2 identical baskets A and B contain white and red balls. Basket A contains 7 White balls and 3 red balls while basket B contains 5 white balls and 5 red balls. A bag is chosen at random and 2balls picked from it one after another without replacement .

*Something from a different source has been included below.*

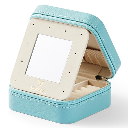 VEE&CO. Damdagspresenter 2024 litet resesmyckesfodral, mini smyckesorganisatör med spegel bärbar display förvaring smyckeskrin för örhängen, ringar, halsband, armband för kvinnor flickor (blå)

(a) Illustrate this information using a tree diagram
(b). Find the probability that
(i). The 2 balls picked are of the same colour
(ii). The 2 balls picked are of different colours
(iii) Only one of the balls picked is red
(iv). At least one white ball is picked
(a) Tree diagram:
```
A B
/ \ / \
W R W R
/ \ / \ / \ / \
W R W R W R W R
```
(b)
(i) Probability of picking 2 white balls or 2 red balls:
- From basket A: P(2 white balls) = (7/10) * (6/9) = 7/15
- From basket A: P(2 red balls) = (3/10) * (2/9) = 1/15
- From basket B: P(2 white balls) = (5/10) * (4/9) = 5/18
- From basket B: P(2 red balls) = (5/10) * (4/9) = 5/18
Total probability = P(2 white balls) + P(2 red balls) = 7/15 + 1/15 + 5/18 + 5/18 = 23/45
(ii) Probability of picking 1 white ball and 1 red ball:
- From basket A: P(1 white, 1 red) = (7/10) * (3/9) + (3/10) * (7/9) = 42/90
- From basket B: P(1 white, 1 red) = (5/10) * (5/9) + (5/10) * (5/9) = 25/45
Total probability = P(1 white, 1 red) = 42/90 + 25/45 = 29/45
(iii) Probability of picking only 1 red ball:
- From basket A: P(1 red, 1 not red) = (3/10) * (7/9 + 3/9) = 12/30
- From basket B: P(1 red, 1 not red) = (5/10) * (5/9 + 5/9) = 10/18
Total probability = P(1 red, 1 not red) = 12/30 + 10/18 = 11/15
(iv) Probability of picking at least 1 white ball:
- From basket A: P(at least 1 white) = 1 - P(2 red balls) = 1 - 1/15 = 14/15
- From basket B: P(at least 1 white) = 1 - (5/18)^2 = 47/81
Total probability = P(at least 1 white) = P(A) * P(at least 1 white from A) + P(B) * P(at least 1 white from B)
= 0.5 * 14/15 + 0.5 * 47/81 = 107/135.